Similarly, adenine may be converted by nitric acid (HNO.sub.3) to
hypoxanthine to give rise to a nucleotide pairing with cytosine,
whereas guanine can be treated with ethylmethanesulfonate to give
rise to a nucleotide pairing with thymine. Insofar, the normal
Watson-Crick pairing in this predefined position is maintained
(adenine:thymidine/uracil and cytosine:guanine) upon subsequent
amplification of the strands but a different nucleotide pair may be
present, depending upon the methylation status of the nucleotide
originally present in this position. It is to be understood that
the aforementioned agents are not intended to limit the invention
but are preferred examples of possible agents. Included within the
scope of the invention are agents that convert the non-methylated
or the methylated nucleotide as mentioned hereinabove. Preferred
are agents that convert nucleotides in the non-methylated
state.
[0018] The term "amplifying" refers to any method that allows the
generation of a multitude of identical or essentially identical
(i.e. at least 95% more preferred at least 98%, even more preferred
at least 99% and most preferred at least 99.5% such as 99.9%
identical) nucleic acid molecules or parts thereof. Such methods
are well established in the art; see Sambrook et al. "Molecular
Cloning, A Laboratory Manual", 2.sup.nd edition 1989, CSH Press,
Cold Spring Harbor. They include polymerase chain reaction (PCR)

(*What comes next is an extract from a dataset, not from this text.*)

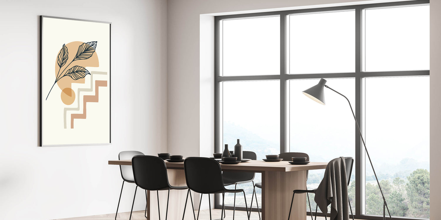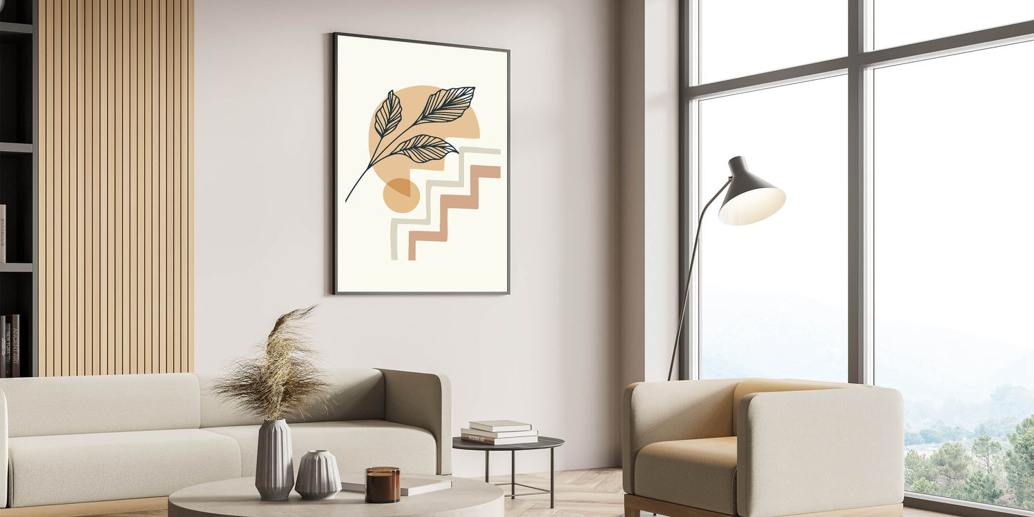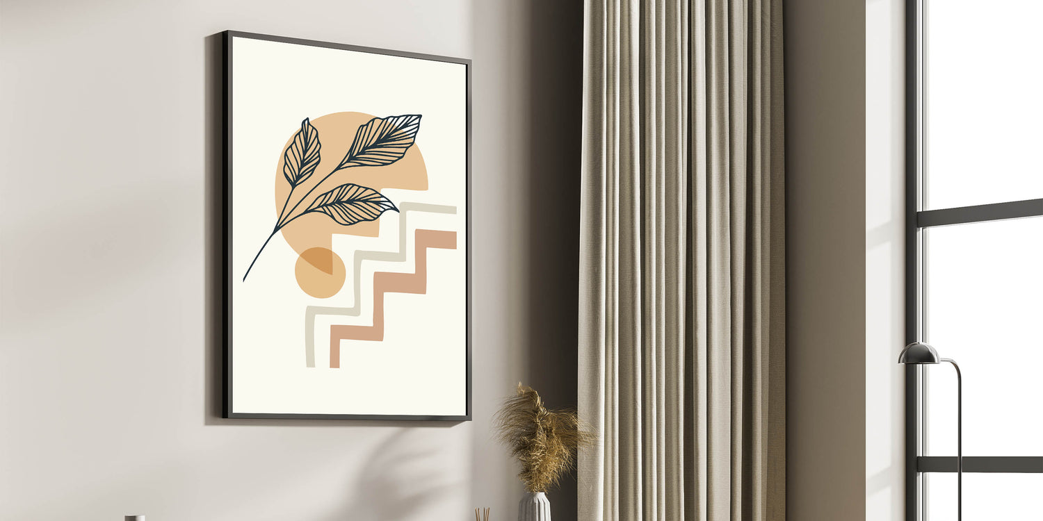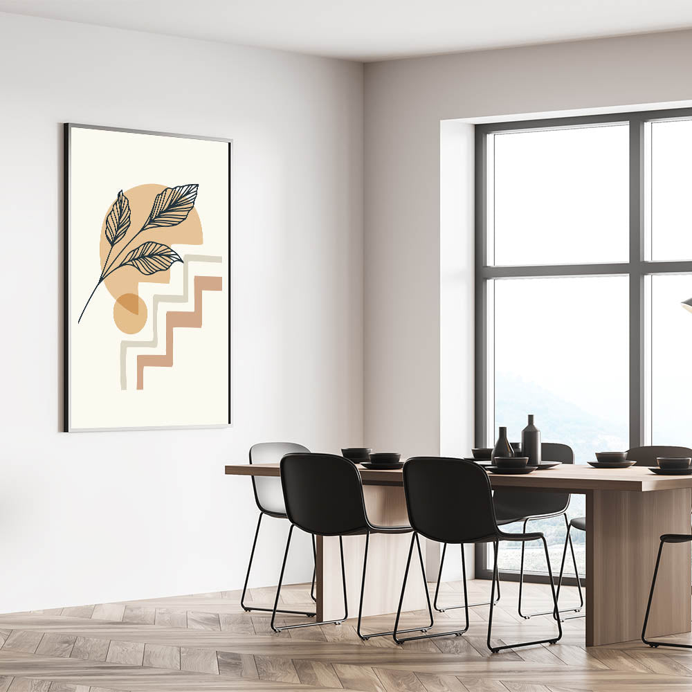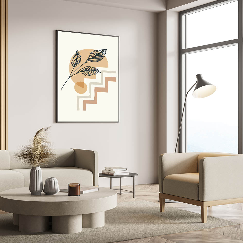 Elevate your home decor with this exquisite Bohemian wall art, featuring a minimalist design of delicate leaves and abstract geometric shapes. The earthy tones and soft lines make this boho decor canvas perfect for adding a touch of elegance and serenity to any space. Whether you're looking to create a calm and inviting atmosphere in your living room or bedroom, this artistic bohemian style print will transform your interior with its understated charm.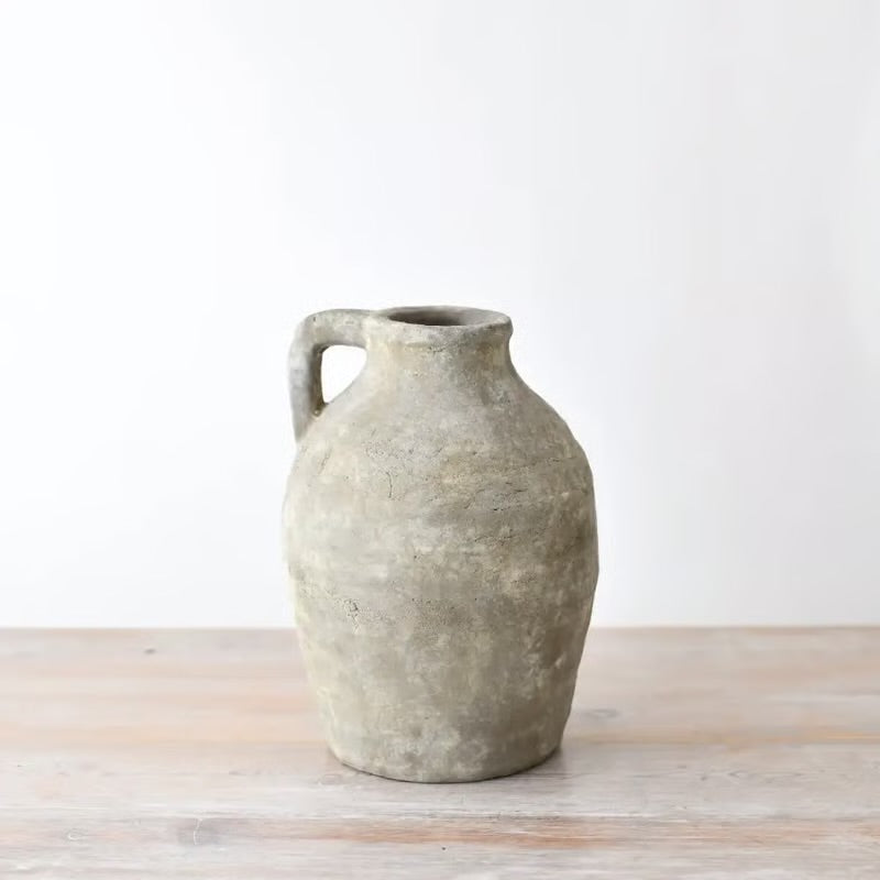 Ein rustikaler großer Krug aus Terrakotta mit einer strukturierten Oberfläche in einer schicken neutralen Farbe.

and modifications thereof, ligase chain reaction (LCR) to name some
preferred amplification methods.
[0019] The term "real-time sequencing" denotes, in accordance with
the present invention sequence analyses which allow specific
sequencing, i.e. determination of the sequence of a nucleic acid
molecule in real-time. Real-time sequencing allows to immediately
monitor the incorporation of nucleotides by polymerases such as,
for example, DNA or RNA polymerases by either fluorescence or
luminescence signals which are subsequently emitted. Real-time
sequencing techniques include but are not limited to Pyrosequencing
or fluorescence didesoxy nucleotide sequencing.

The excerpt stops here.